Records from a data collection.

>>>

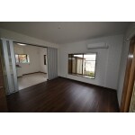 カーペットタイプの床から、重厚感のある板張りの床へとリフォームしました。 キッチンとの間仕切りは開口部分はそのままアルミの引戸を採用しています。 扉部分がスリットになっているため、個々の部屋として完全に遮断でき且つ視界も確保できるようになりました。 クロスも全て張替えています。
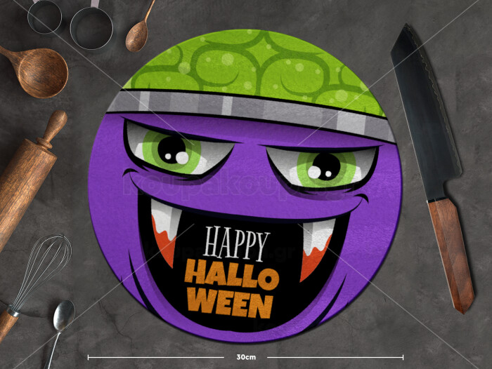 Halloween trick or treat Monster, Επιφάνεια κοπής γυάλινη στρογγυλή (30cm)
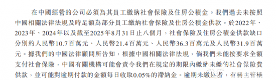 值得注意的是,老乡鸡还存在欠缴员工社保问题。招股书显示,在2022年、2023年、2024年以及截至2025年8月31日的八个月,老乡鸡社会保险及住房公积金供款缺口分别为1070万元、2140万元、3630万元及3190万元,合计超1亿元。
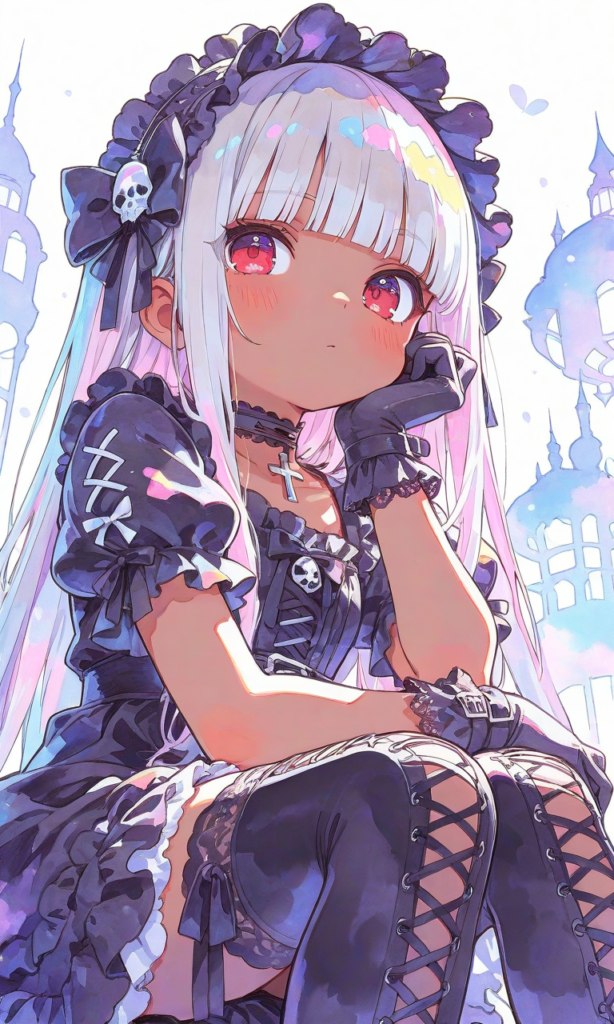 PixAI【Shiitake-Mix】little girl,loli,dark skin, silver hair, long hair, straight hair, blunt bangs,red eyes, Gothic Lolita,puffy short sleeves, purple lace-trimmed,laced gloves, cross-laced choker, bow hairband,laced thighhighs,sitting,invisible chair,head rest, cowboy shot,from below, masterpiece,high resolution,high quality, ,high-res,watercolor, sketch style, watercolor effect, pastel colors
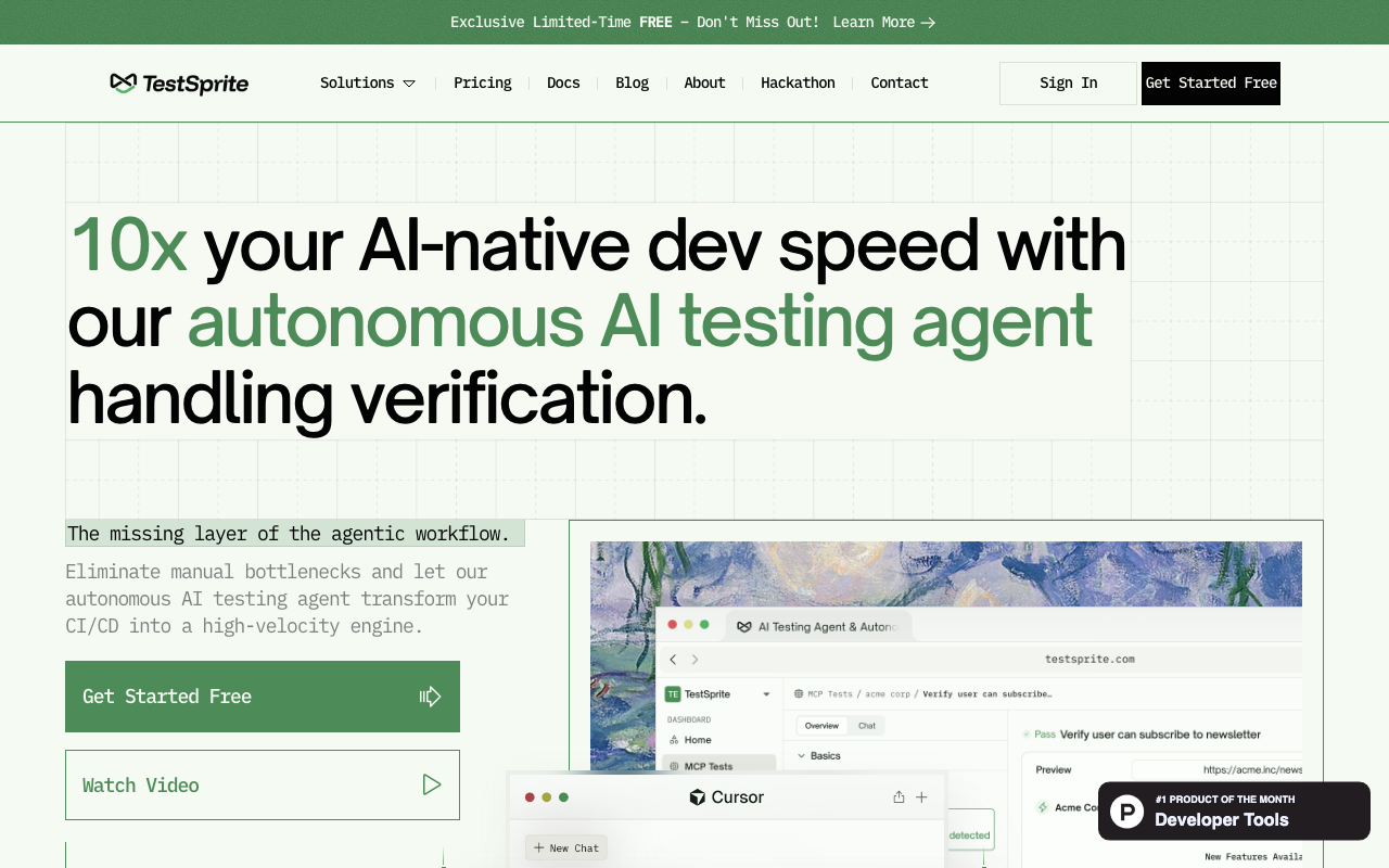 TestSprite es una plataforma de testing impulsada por IA pensada para equipos que construyen software, especialmente productos con componentes de inteligencia artificial. Su propuesta gira en torno a automatizar gran parte del ciclo de verificación: interpreta requisitos, arma planes de prueba, ejecuta flujos, detecta errores y genera reportes útiles para el equipo.
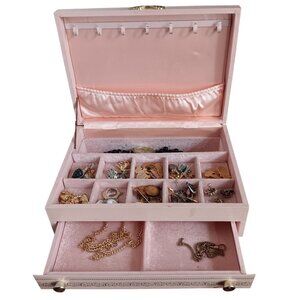 Grannys Vintage Pink Jewelry Box Gold Detailing & Drawer 12" 1960's
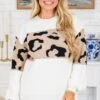 Unleash your wild side with this sweater in ivory! Featuring a playful leopard print stripe and a cozy soft knit feel, this sweater is perfect for any occasion! The crew neckline and full-length sleeves add just the right amount of warmth, while the relaxed fit and stretch make for a comfortable and stylish look!
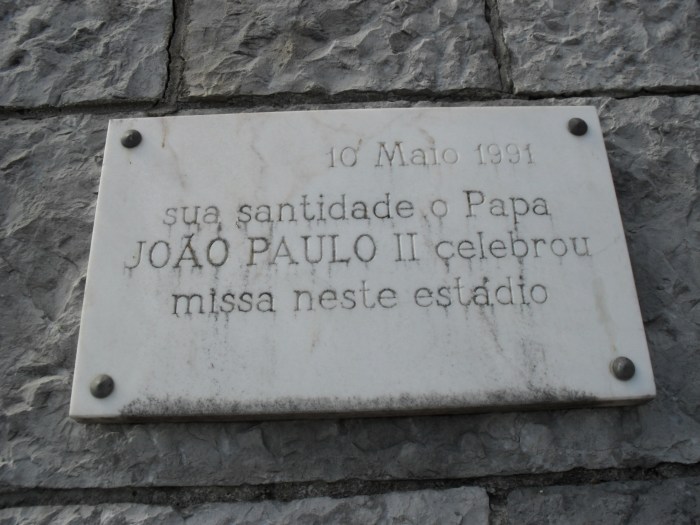 O nome vem do bairro lisboeta onde o clube foi fundado: Belém, o mesmo dos tentadores pastéizinhos. E o estádio – que me lembrou um pouco o velho Palestra Itália, do Palmeiras, antes da demolição, claro, mas com pista de atletismo na mesma cor da do Engenhão – está muito bem localizado, pertíssimo do Mosteiro dos Jerônimos e da Torre de Belém, com vista para o rio Tejo e Ponte 25 de Abril. Saca só as fotos abaixo.
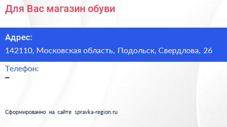 Для Вас, магазин обуви по адресу 142110, Московская область, Подольск, Свердлова, 26 в дальнейшем Организация, размещена в следующих категориях:
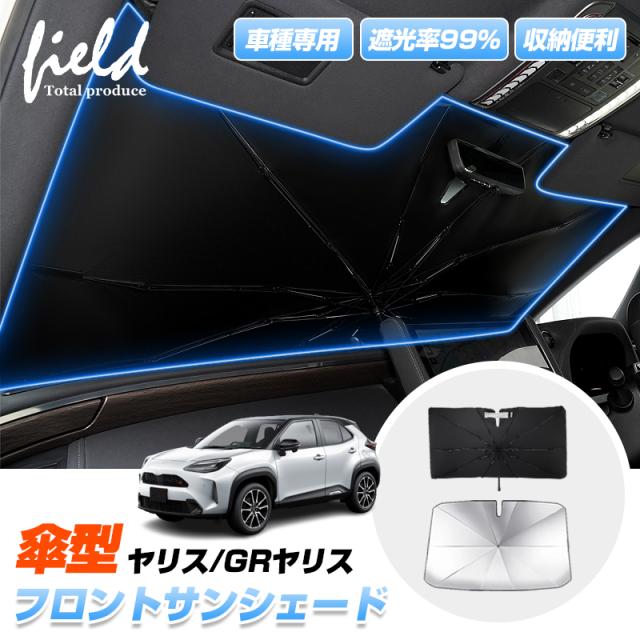▼車種専用 傘型サンシェード ヤリス/GRヤリス フロントシェード 車用パラソル サンシェード 収納袋付き 傘型 カーシェード 日よけシェード 遮光カーテン 遮光 断熱 UV紫外線カット 暑さ対策 キャンパー 仮眠 車中泊グッズ カー シェード yaris cross
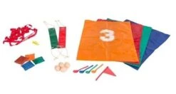 Deze Buitenspeel Party Set is ideaal om kinderen te vermaken tijdens feestjes. Speel zaklopen, het spel met de eieren en lepels, of probeer naar de andere kant te lopen terwijl je met jouw enkel vastgemaakt bent aan iemand anders.

<<<

What is needed is every line of the data above, set down exactly but with the images left out.

RESPONSE TO THE TASK.
 カーペットタイプの床から、重厚感のある板張りの床へとリフォームしました。 キッチンとの間仕切りは開口部分はそのままアルミの引戸を採用しています。 扉部分がスリットになっているため、個々の部屋として完全に遮断でき且つ視界も確保できるようになりました。 クロスも全て張替えています。
 Halloween trick or treat Monster, Επιφάνεια κοπής γυάλινη στρογγυλή (30cm)
 值得注意的是,老乡鸡还存在欠缴员工社保问题。招股书显示,在2022年、2023年、2024年以及截至2025年8月31日的八个月,老乡鸡社会保险及住房公积金供款缺口分别为1070万元、2140万元、3630万元及3190万元,合计超1亿元。
 PixAI【Shiitake-Mix】little girl,loli,dark skin, silver hair, long hair, straight hair, blunt bangs,red eyes, Gothic Lolita,puffy short sleeves, purple lace-trimmed,laced gloves, cross-laced choker, bow hairband,laced thighhighs,sitting,invisible chair,head rest, cowboy shot,from below, masterpiece,high resolution,high quality, ,high-res,watercolor, sketch style, watercolor effect, pastel colors
 TestSprite es una plataforma de testing impulsada por IA pensada para equipos que construyen software, especialmente productos con componentes de inteligencia artificial. Su propuesta gira en torno a automatizar gran parte del ciclo de verificación: interpreta requisitos, arma planes de prueba, ejecuta flujos, detecta errores y genera reportes útiles para el equipo.
 Grannys Vintage Pink Jewelry Box Gold Detailing & Drawer 12" 1960's
 Unleash your wild side with this sweater in ivory! Featuring a playful leopard print stripe and a cozy soft knit feel, this sweater is perfect for any occasion! The crew neckline and full-length sleeves add just the right amount of warmth, while the relaxed fit and stretch make for a comfortable and stylish look!
 O nome vem do bairro lisboeta onde o clube foi fundado: Belém, o mesmo dos tentadores pastéizinhos. E o estádio – que me lembrou um pouco o velho Palestra Itália, do Palmeiras, antes da demolição, claro, mas com pista de atletismo na mesma cor da do Engenhão – está muito bem localizado, pertíssimo do Mosteiro dos Jerônimos e da Torre de Belém, com vista para o rio Tejo e Ponte 25 de Abril. Saca só as fotos abaixo.
 Для Вас, магазин обуви по адресу 142110, Московская область, Подольск, Свердлова, 26 в дальнейшем Организация, размещена в следующих категориях:
▼車種専用 傘型サンシェード ヤリス/GRヤリス フロントシェード 車用パラソル サンシェード 収納袋付き 傘型 カーシェード 日よけシェード 遮光カーテン 遮光 断熱 UV紫外線カット 暑さ対策 キャンパー 仮眠 車中泊グッズ カー シェード yaris cross
 Deze Buitenspeel Party Set is ideaal om kinderen te vermaken tijdens feestjes. Speel zaklopen, het spel met de eieren en lepels, of probeer naar de andere kant te lopen terwijl je met jouw enkel vastgemaakt bent aan iemand anders.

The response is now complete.